Theatre in Wales

Theatre, dance and performance reviews

Sex, Drugs and Rock and Roll, terrific entertainment!

American Idiot

Selladoor Productions, Piu Entertainment & Kalin Productions , New Theatre Cardiff , January-29-19
American Idiot by Selladoor Productions, Piu Entertainment & Kalin Productions This dynamic young ensemble of brilliant young singers and dancers bring us a powerful interpretation of Green Days pre-punk music that appeals to teenagers from 16 – sixty and beyond.

There’s some irony in that the show entitled American Idiot shows us George Bush on a very large television set addressing the citizens of America and images of 9/11 as we take our seats.

We go into the apathy years that come after, but all is quickly forgotten as the on-stage band blasts into the opening number and this great team of young, very talented performers burst onto the stage and the spirited choreography from Director Racky Plews sets our pulses racing and they keep racing right to the very end of the show.

Very soon the pace changes and we are confronted with a group of ‘lost’ teenagers wandering the streets. There’s lot of aimless vulgarity and lascivious grinning and groping.

This is very much an ensemble production with every performer on top form but the main focus is on three of the lost lads. Johnny, given a superb performance by Tom Milner, Tunny, another strong presence from Joshua Dowen and Will, Samuel Pope completing this ‘lost’ trio.

Will soon settles on a sofa on the balcony with Heather; soon they have a baby. Both performers, Samuel Pope and Siobhan O’Driscoll bring a touch of parental warmth into this otherwise vacuous environment. But this is short lived, as fed up with Will’s drug and drinking, Heather takes her baby and walks out on him. All this performed with a gripping reality

The compelling success of this, sometimes hard-hitting show comes from the excellence of its highly sensitive and talented cast.

The quality of the acting is equalled by the singing. Johnny, Tunny and Will captivate us very early with their first number ‘I Jesus of Suburbia’. They are joined by the full company for the next two numbers and the voices fill the auditorium. You know, it’s a sort of privilege to hear this stuff. Though I certainly wouldn’t want to fall into Johnny’s way of life.

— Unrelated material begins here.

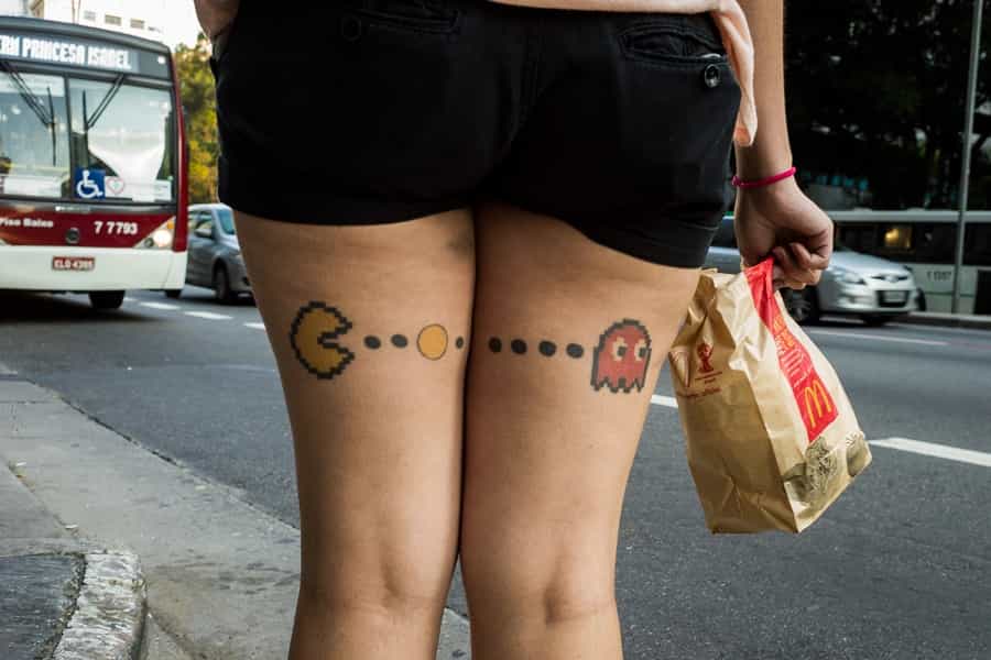 Antes de que Shakira sacara a relucir su "Waka Waka" y nos dejara hasta la coronilla con su famoso hit, los gamers sabíamos que cuando se hablaba de "Waka Waka" se hablaba de Pac Man (por el sonido característico del personaje principal al comer). El tattoo de la foto es bastante original, porque utiliza 2 partes del cuerpo para hacer una sola composición.

Things do get better for him when he meets Whatshername, a stunner and a stunning acting and singing performance from Sam Lavery. They soon get it together, fortunately for us beneath the American flag. Very soon drug dealer St Jimmy brings upset to the ‘happy couple’. Luke Friend brings us a very real character full of charm and slippyness.

Like the characters within it, the musical itself seems to wander a bit, not quite sure of the way it wants to go. However this distraction has a curious appeal of its own. It does find a very strong identity with the power and strength of the ensemble’s gifted acting, singing and dancing performances.

Storywise things start to go down hill. Whatshername has had enough of Johnny’s drug taking and leaves him. Tunny returns from the war, wheelchair-bound and even more disillusioned.

Tom Milner brings an extraordinary realism to his totally destructive drug taking sequence towards the end of the show. Soon after the three friends, Johnny, Tunny and Will meet up again, still full of longings. They sing a beautiful song ‘Wake Me Up When September Ends’. And the russet leaves fall over the stage. Unexpectedly, hopefulness arises in Johnny and he sings again of Whatshername. The whole company come on to the stage and give us a huge and very happy surprise. Go along so that you can be surprised too.